Since the statistics tables are normal tables, they can be updated like any other MySQL table. For our performance regression tests, we have decided to record our own numbers in these tables. That way, we will be able to get the exact same numbers even if we for some reason need to recreate the statistics tables (e.g, in another database instance).

When we manually update the statistics tables for the DBT-3 benchmarks, we first turn on persistent statistics and run ANALYZE once for each table. This inserts all necessary rows in the statistics tables, and we will only need to update the relevant rows. Here are an example UPDATE statement for each table:

```
UPDATE innodb.table_stats SET n_rows=150000
WHERE database_name='dbt3' AND table_name='customer' ;
UPDATE innodb.index_stats SET stat_value=25, sample_size=NULL
WHERE database_name='dbt3' AND table_name='customer'
AND index_name='i_c_nationkey' AND stat_name='n_diff_pfx01';
```

`index_stats.sample_size`to

`NULL`to indicate that the value is recorded and not computed by sampling.

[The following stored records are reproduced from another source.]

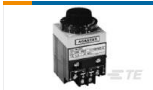
TE 产品编号1-1423162-2 7022AH=RLY,STD,OFF,2P,120VAC,3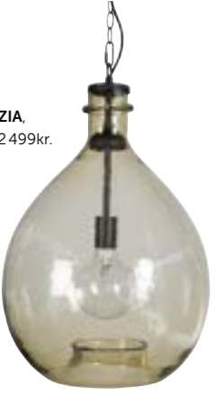
Taklampa SPEZIA, ByOn Design, 2 499kr.

Ljuslyktor och levande ljus ger fin mysbelysning.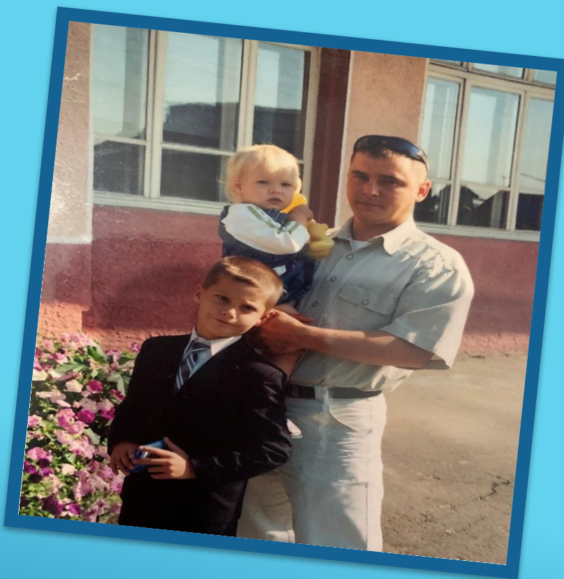
Наша семья: папа, мама, брат, сестра

**A World of New Possibilities**

As discussed above, InnoDB Persistent Statistics will be very useful in order to ensure that the same query execution plan is used every time a query is executed. It also gives the users the ability to control when the statistics are recalculated. However, persistent statistics opens up for even more new possibilities.

We will be able to use this feature to extend our testing of the query optimizer. By "faking" the statistics, we will be able to explore and test the execution of different query plans without having to actually modify the database.

It will also be possible for users to change the statistics in order to force a specific query plan. However, one risks introducing side-effects on other queries so this will have to be done with caution.